Let $\pi= p \times \mathrm{id}_Z: X \times Z \to Y \times Z$. We have to show that when $A\subseteq Y \times Z$ has the property that $\pi^{-1}[A]$ is open in $X \times Z$, then $A$ is open in $Y \times Z$. Let $(y,z) \in A$ and let $x \in X$ such that $\pi(x,z)= (y,z)$ and clearly $(x,z) \in \pi^{-1}[A]$, which is open by assumption, so we have an open neighbourhood $U_1$ of $x$ and an open neighbourhood $V$ of $z$ with $\overline{V}$ compact such that $U_1 \times \overline{V} \subseteq \pi^{-1}[A]$. (This assumes that in $Z$ we must have a local base of open neighbourhoods with compact closure; either this is part of the definition of local compactness, or (as Munkres actually does) assume Hausdorffness next to local compactness on $Z$).
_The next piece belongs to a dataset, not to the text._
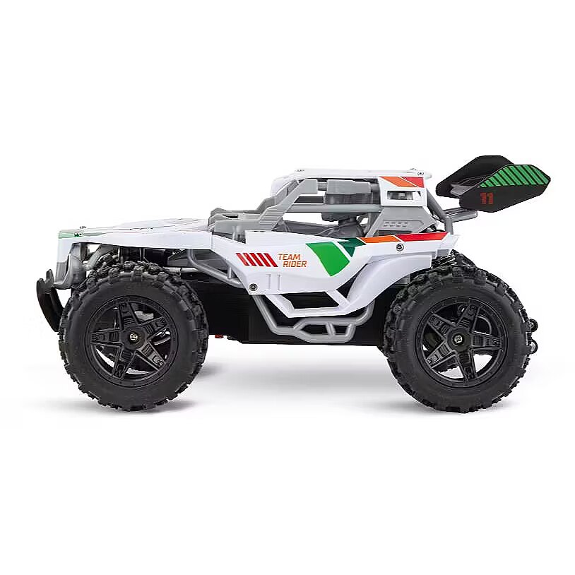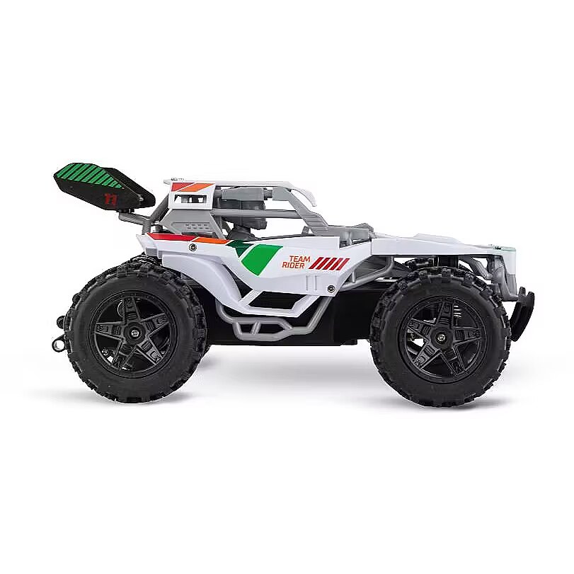 This buggy attracts stares and glances wherever it is in action: the Carrera RC Lime Buggy's striking lime green and yellow paint job never fails to catch the eye; even more so with its pneumatic tyres and all-round suspension, making it ideal for exploratory trips into rough terrain. Ready to race

Then proceed recursively: given $U_i$ (indexed over $\Bbb N$, eventually) choose an open set $U_{i+1}$ containing $p^{-1}[p[U_i]]$ such that $U_{i+1} \times \overline{V} \subseteq \pi^{-1}[A]$, using the tube lemma (for subsets of products having a compact factor, like here $\overline{V}$). See the generalised tube lemma here, applied to $\{x\} \times \overline{V}$ for a suitable $N$..

Having these $U_i$ define $U = \bigcup_{i \in \Bbb N} U_i$ and note that $U$ is a saturated open subset of $X$ w.r.t. $p$ and so $U \times V$ is a saturated open neighbourhood w.r.t. $\pi$ inside $X \times Z$ and thus $\pi[U \times V]$ shows that (finally) $(y,z)$ are interior points of $A$ and $A$ is open, as required.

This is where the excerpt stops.